[Records for this task Boundary: Start]

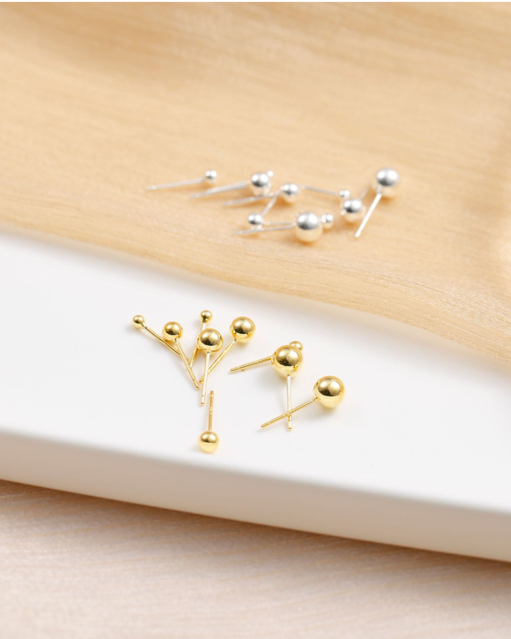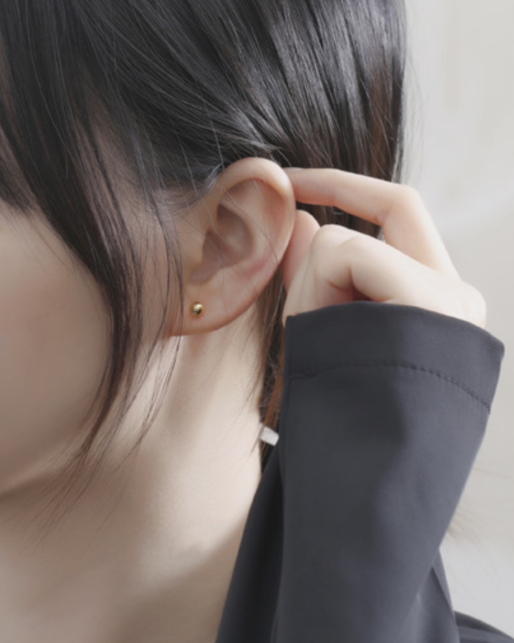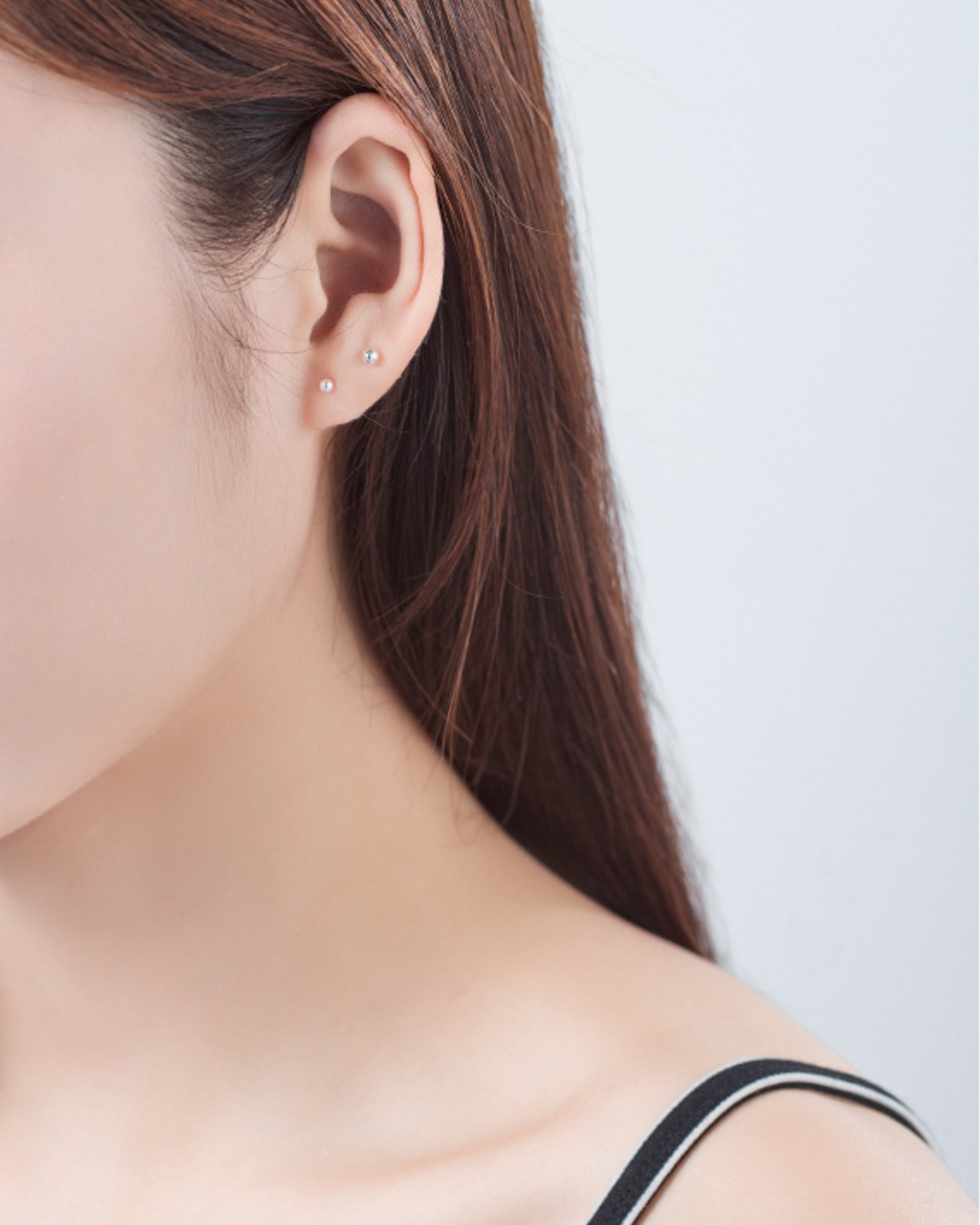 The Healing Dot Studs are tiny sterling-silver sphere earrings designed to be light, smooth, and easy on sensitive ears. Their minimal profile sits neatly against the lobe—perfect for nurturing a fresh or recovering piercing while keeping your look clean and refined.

[Records for this task Boundary: End]
[Records for this task Boundary: Start]

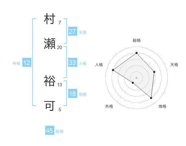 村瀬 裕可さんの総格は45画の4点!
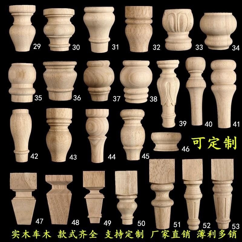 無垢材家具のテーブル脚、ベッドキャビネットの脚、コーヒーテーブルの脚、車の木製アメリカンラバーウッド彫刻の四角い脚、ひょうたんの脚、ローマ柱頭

[Records for this task Boundary: End]
[Records for this task Boundary: Start]

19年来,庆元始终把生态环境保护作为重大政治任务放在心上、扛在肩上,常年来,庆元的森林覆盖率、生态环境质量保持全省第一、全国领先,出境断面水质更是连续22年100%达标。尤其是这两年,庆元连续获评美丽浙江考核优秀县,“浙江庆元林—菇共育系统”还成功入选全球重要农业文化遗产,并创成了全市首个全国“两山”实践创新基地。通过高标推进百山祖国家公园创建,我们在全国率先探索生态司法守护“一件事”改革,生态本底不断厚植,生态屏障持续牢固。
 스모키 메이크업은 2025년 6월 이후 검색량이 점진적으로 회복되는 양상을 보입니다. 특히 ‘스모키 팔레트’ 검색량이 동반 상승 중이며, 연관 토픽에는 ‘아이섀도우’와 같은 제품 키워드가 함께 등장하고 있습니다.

[Records for this task Boundary: End]

Starting at the line containing "村瀬 裕可さんの総格は45画の4点!" and stopping at the line containing "無垢材家具のテーブル脚、ベッ", output each line exactly as it appears above. Leave out the pictures.

▶ _Solution to this task_:
 村瀬 裕可さんの総格は45画の4点!
 無垢材家具のテーブル脚、ベッドキャビネットの脚、コーヒーテーブルの脚、車の木製アメリカンラバーウッド彫刻の四角い脚、ひょうたんの脚、ローマ柱頭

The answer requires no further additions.